It's a tale of two different countries. One is the second-biggest economy, whose 127 million inhabitants enjoy the world's highest standard of living. The other has 2 million people, annual per capita income of US$2,860 and an economy that's one-third the size of Nortel Networks Corp's market capitalization. They are Japan and Latvia.
The two may soon have something in common: The same credit rating. Moody's Investors Service Wednesday said it might cut Japan's "Aa3" credit rating two notches, putting it on a par with Cyprus, Greece, Latvia, Mauritius, Poland and South Africa. A one-notch downgrade would group Japan with the Bahamas, Chile, the Czech Republic and Hungary.
Wow! A Moody's downgrade, observes Paul Donovan, London-based head of global economics for UBS Warburg, "would make Japanese government bonds the lowest-yielding emerging-market debt in the world."
The point here isn't to malign the nations Moody's currently rates "A1" or "A2." Rather, it's to point out Japan's stunning reversal of fortune over the last dozen years.
It seems just yesterday that Japan's economy was the most feared in the world.
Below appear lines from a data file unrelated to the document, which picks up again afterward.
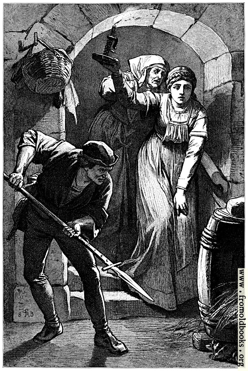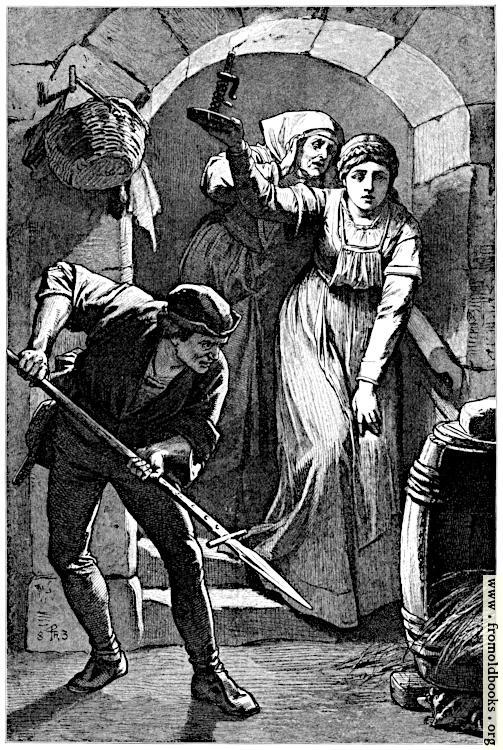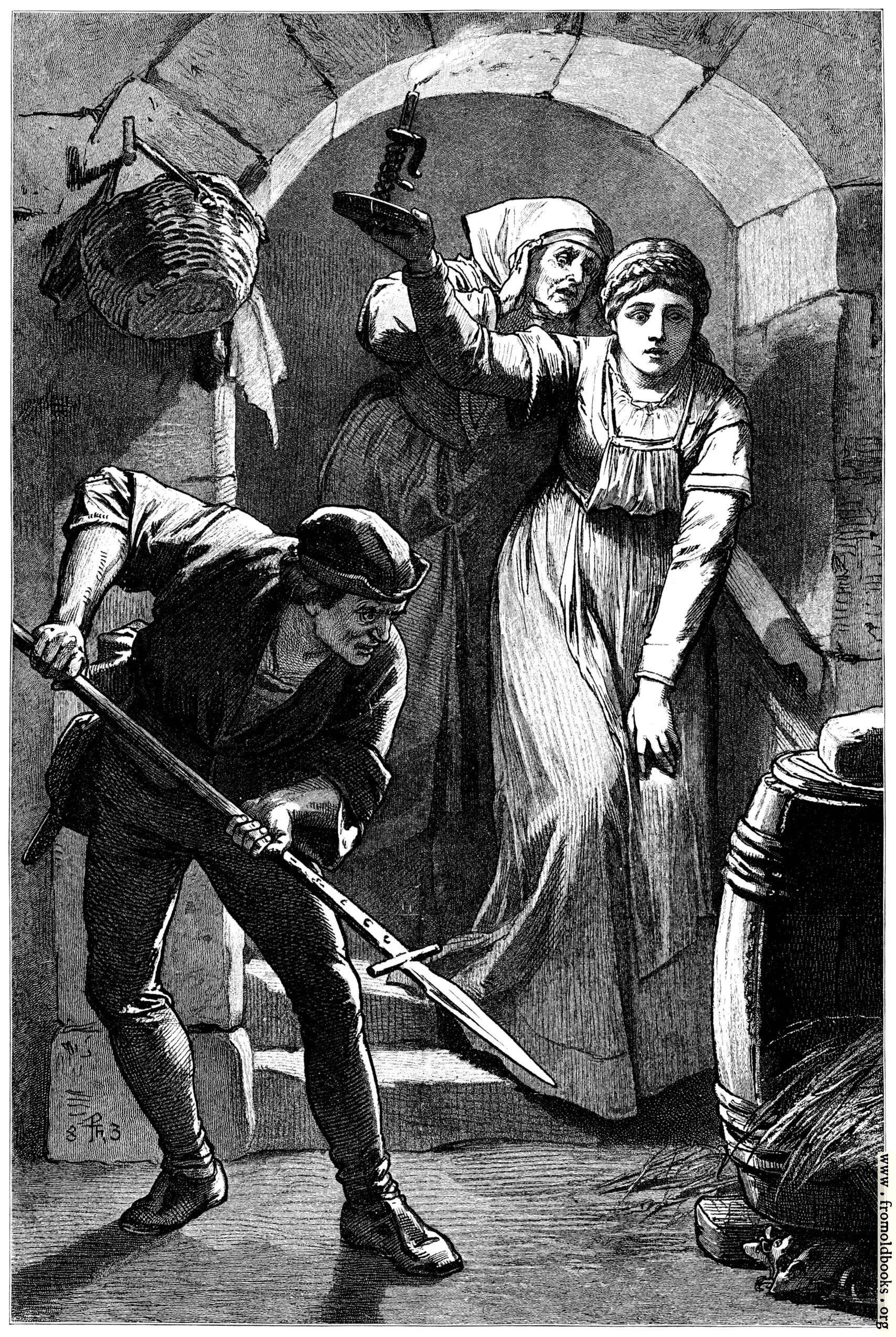 Here, he stands with a spear pointed at the rats hiding under a barrel, while two other people look on with the light of a candle heald high. They have descended well-worn ancient stone steps that end in a stone archway in the cellar.
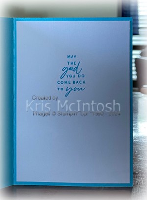 After colouring the image and attaching it to the card front, I stamped “thank you” from the Something Fancy stamp set onto Basic White card using Tahitian Tide ink. I cut out the greeting using the smallest circle from the Everyday Details Dies and attached it to the card front using dimensionals where necessary, so that it slightly overlaps the image panel. To decorate the inside of this card, I stamped the same greeting as before onto Basic White card using Tahitian Tide ink. I cut across the bottom of the stamped Basic White card using the border die from the Everyday Details Dies.
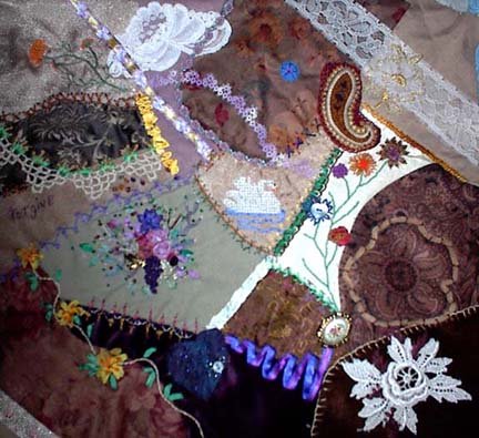 | Design Source - Description | Crazy Quilt done all by hand. Silk ribbon emb., tatting, punchneedle, calligraphy, silk thread emb. |
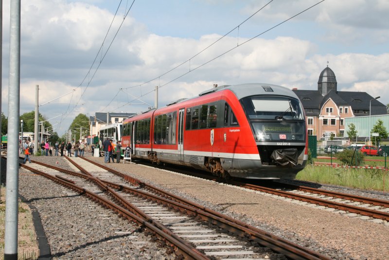 Anlässlich des 130-jährigen bestehens der Strecke St.Egidien-Stollberg(Sachs.),gab es auf dem Bahnhof Stollberg ein Eisenbahnfest.Zum "beschnuppern" war auch der 642 201-8 der Erzgebirgsbahn.16.05.09. Steffen Eule
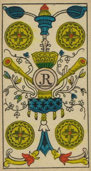 The 4 of Pentacles is about holding on to what you got. The number 4 represents structure and order, and fits well with the suit's element, Earth.
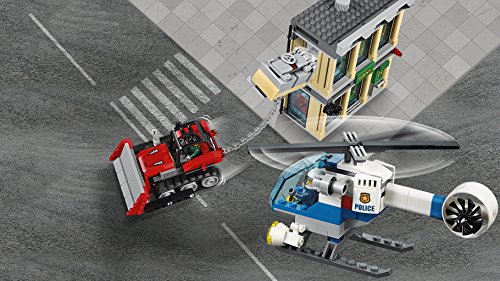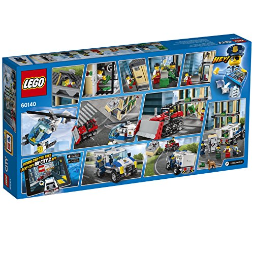 La police de LEGO City entre en action et protège le coffre de la banque et le distributeur contre les bandits et leur bulldozer, avec une équipe de sécurité pleine d'accessoires, un hélicoptère avec des projecteurs, des rotors qui tournent, plus le bulldozer des bandits avec des chaines et des crochets. Inclut cinq figurines, plus une figurine de chien policier.. . - Inclut cinq figurines : un policier, un pilote, une spécialiste de la police et deux bandits, plus une figurine de chien policier.. - Comprend un bâtiment de banque, un hélicoptère, un camion et un bulldozer.. - La banque comprend deux niveaux avec un coffre-fort et un distributeur de billets qui peuvent tous les deux être arrachés du mur, une salle d'attente au premier étage et une porte de sécurité à barreaux qui s'ouvre au deuxième étage, un tuyau d'évacuation sur le côté du bâtiment pour monter, une entrée sur le toit par une trappe, une porte d'entrée qui s'ouvre et un bureau de caissier. ...
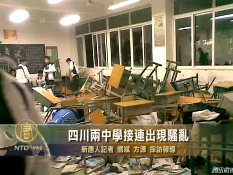 【新唐人2011年12月16日訊】近日,四川的校園很不平靜,成都鐵路工程學校,接連2天發生漢族學生群毆藏族學生事件,將藏族學生寢室及教室砸毀,最後出動數百武警鎮壓。另外,四川隆昌縣第一中學也發生老師因績效工資遭拖欠罷課事件,學生則燒書響應。
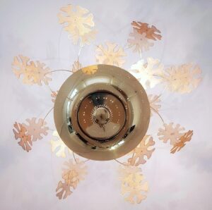 Some designers drew directly from flora. Itsu lamps—clearly inspired by the floral brass lamps of Paavo Tynell—embody how his organic influence extended beyond his own production at Taito and Idman. Toini Muona and Francesca Lindh pressed real leaves into ceramics, while Rut Bryk and others hand-painted fruits and flowers. In contrast, Birger Kaipiainen took flora to a dreamlike realm, transforming blossoms into surreal, enduring symbols.

US automakers were being left in Japan's exhaust, while Japanese companies were buying jewels like the Rockefeller Center, Universal Studios and Pebble Beach golf course.
Today, Japan Inc is experiencing the flip side of the go-go 1980s.
The Nikkei 225 stock average -- which peaked at 38,957 -- is now at level pegging with the Dow Jones Industrial Average, around the 10,000 level. And markets are again abuzz about a banking crisis.
Japan is where it is today because of denial about the depths of its problems. Even now, as ratings companies threaten more humiliating downgrades, officials in Tokyo are at a loss over how to fix things. Learning about Moody's downgrade warning, the most insightful thing Finance Minister Masajuro Shiokawa could say was that the news was "unfortunate." What's really unfortunate is the lack of determination to end a slump that's into its second decade. Japan's banking system remains crippled with so many non-performing loans that banks aren't lending.
That's hobbled conventional monetary policy and limited the benefits of aggressive government spending. Deflation is worsening as a result, making Japan's debts bigger in real terms and crimping corporate profits.
Prime Minister Junichiro Koizumi says he's committed to an economic reform drive that's stuck in neutral. He's right that banks need to write off loans that will never be repaid and Tokyo must end its reliance on unnecessary public works spending. Yet there seems to be little desire to actually change things.
This week, Koizumi convened a much-hyped panel to tackle deflation, the trend that has Moody's so worried. Yet new ideas were conspicuously absent from the government's six-page report titled "Issues on Deflation." Moody's claims its downgrade warning wasn't meant to crash Koizumi's anti-deflation confab. The news cast a dark and heavy cloud over the proceedings.
Policy makers here can dismiss pressure to change all they want. But in the eyes of Moody's, it soon may be no safer to buy Japanese debt than from some emerging-market nations. Being lumped together with economies like Latvia has to take a psychological toll on the average Japanese.
"While up to now the downgrades haven't had much effect on foreign-exchange flows, it appears that households saving for retirement are taking these concerns seriously and are starting to diversify out of yen assets," says Marshall Gittler, head of Asian currency strategy at Bank of America Corp.